Tunis is a village in the oasis of Faiyum Governorate in Egypt known for its pottery workshops and small art galleries.

History 
The village is considered new as it was created in the 1960s by two famous Egyptian poets. In the 1980s, Evelyne Porret, a Swiss tourist and later potter fell in love with the touristic village, and established a pottery school in it that played a large role in preseving fayoum's Ancient Egyptian pottery culture. The pottery school still exists today.

Institutions

Fayoum Art Center 
Mohamed Abla, an Egyptian artist, founded Fayoum Art Center in 2006. It is a non-profit organization which was inspired by the International Summer Academy in Salzburg.
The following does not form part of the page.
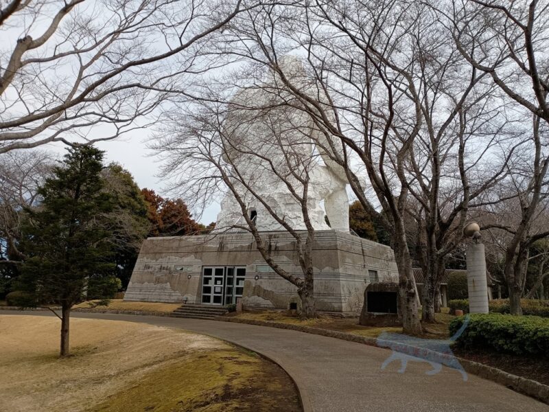 公園内にある水戸市埋蔵文化財センター。 無料ながら広い駐車場で館内も無料で見学できるという太っ腹。

The Center is dedicated to all the artists around the world. It helps artists by giving them studio spaces they need, besides providing them with art libraries and living areas. Additionally, the first Caricature Museum in the Middle East was built in the center. The museum includes a variety of collection of caricature.
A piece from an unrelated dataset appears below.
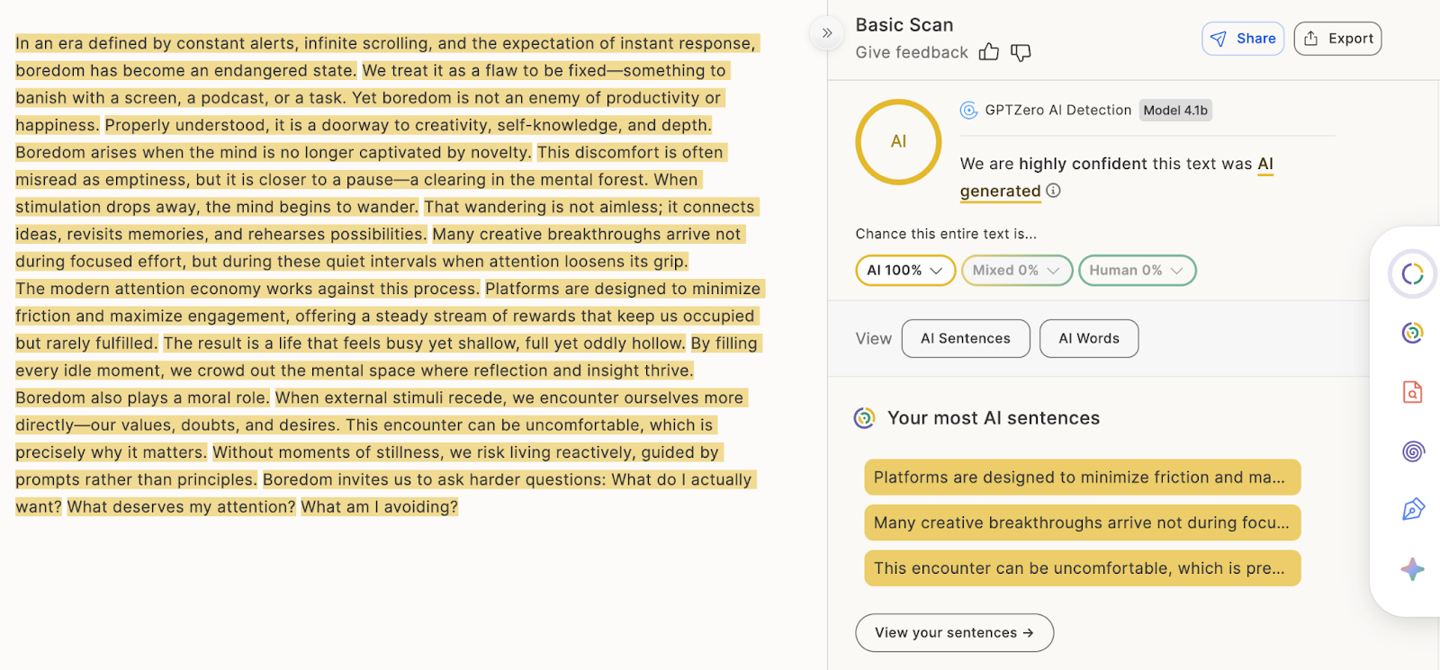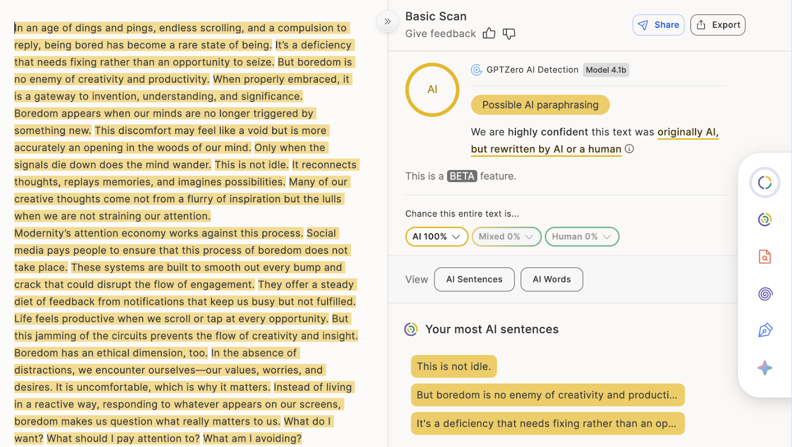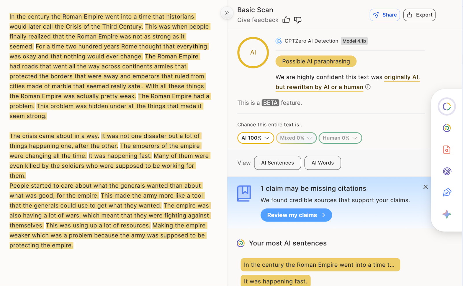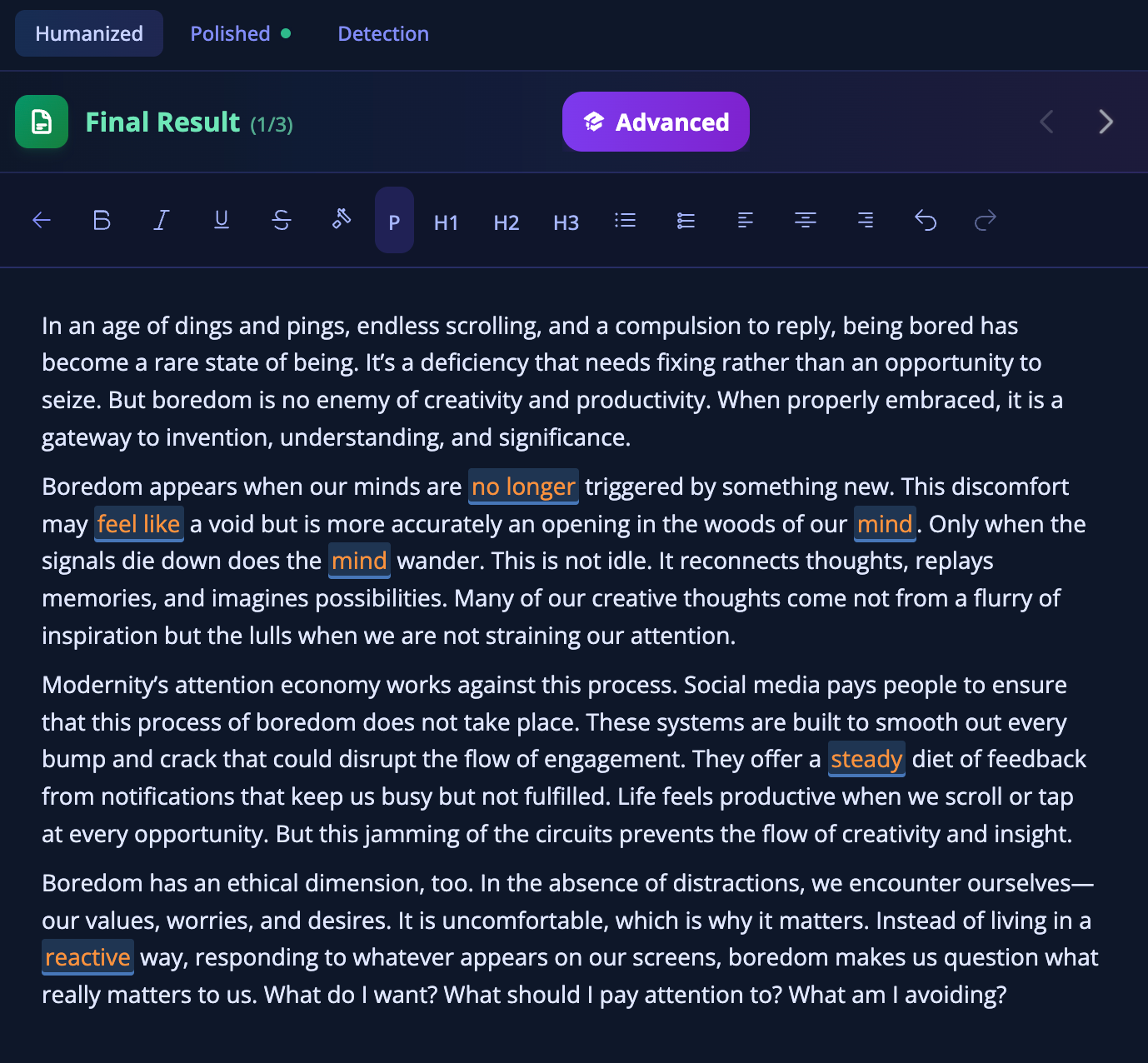 We regularly invest in stress-testing our AI detector to keep it robust against constantly evolving AI paraphrasers and refining signals beyond surface form. We strive to remain the most reliable AI detector in an increasingly adversarial AI content ecosystem.

Ibis Cooking School and Restaurant 
Not only the village is limited to the art of pottery, but also it combines both the art of pottery with the cooking. There is Ibis Cooking School and Restaurant that is located at Mahmoud Youssef Pottery Atelier.

Events

Tunis Village Annual Handicrafts Festival 
There is a festival held in Fayoum Village annually; it takes place every autumn. The purpose of the festival is to bring artists-potters from Tunis, Cairo, other parts of Egypt and also artists from around the world. The festival focuses on giving the chance to the participants to explore the value of potter, exchange knowledge, share interests and also discuss their challenges.

Climate 
The climate of the village is warm (22-28 degrees Celsius) between the months of October and April. However, the weather can be very warm from May to October.